Asia Sentinel
- Website type: Blog
- Available in: English
- Headquarters: {{{location_country}}}
- Website: asiasentinel.com
- Commercial: Yes
- Launched: 2006
- Current status: Active

= Asia Sentinel =

American-based web-based blog

The Asia Sentinel is an online blog focused on news, business, arts and culture in Asia. The site was launched in August 2006 in Hong Kong, and its assets were transferred to a U.S. registered company in 2017.

== History ==
The Asia Sentinel was founded in Hong Kong in August 2006 by four journalists from the United Kingdom and the United States who were based in Asia. The editor-in-chief, John Berthelsen, was formerly a correspondent with The Wall Street Journal Asia, as well as the Newsweek correspondent in Vietnam and managing editor of the Hong Kong Standard. Co-founder Philip Bowring was formerly the editor of the Far Eastern Economic Review and a former columnist for the International Herald Tribune. Executive Editor A. Lin Neumann, a reporter, was formerly executive editor of The Standard and also represented the Committee to Protect Journalists in Asia. Neumann left the Asia Sentinel in 2012. The fourth founder, Anthony Spaeth, was previously a Time Asia regional correspondent, and left the Asia Sentinel shortly after its founding to work for Bloomberg.

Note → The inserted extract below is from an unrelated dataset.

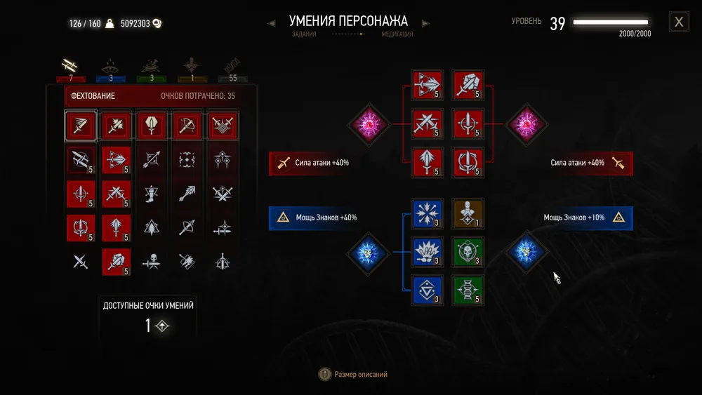 В красную ветку бросаться не стоит, это несильно поможет на первых этапах игры. (Хотя можно раскидывать так, как удобней: сначала пару умений на удары и пару на Знаков, прям критичного ничего тут нет.)

In 2017, the publication's parent company in Hong Kong ceased operations, and assets were transferred to a new company, registered in California, that owns all newly written stories.

In 2023, the Singapore Ministry of Home Affairs stated that access to the Asia Sentinel would be blocked in Singapore if it failed to comply with a POFMA correction order issued by the Singapore Government. Asia Sentinel subsequently partially complied with the order by placing the requisite correction notice below the article at issue, alongside a statement that the publication was "reserving the right to answer [the Singapore government's] demand at a future time" and that "we stand by our story". As of 2 June 2023, the site could still be accessed in Singapore.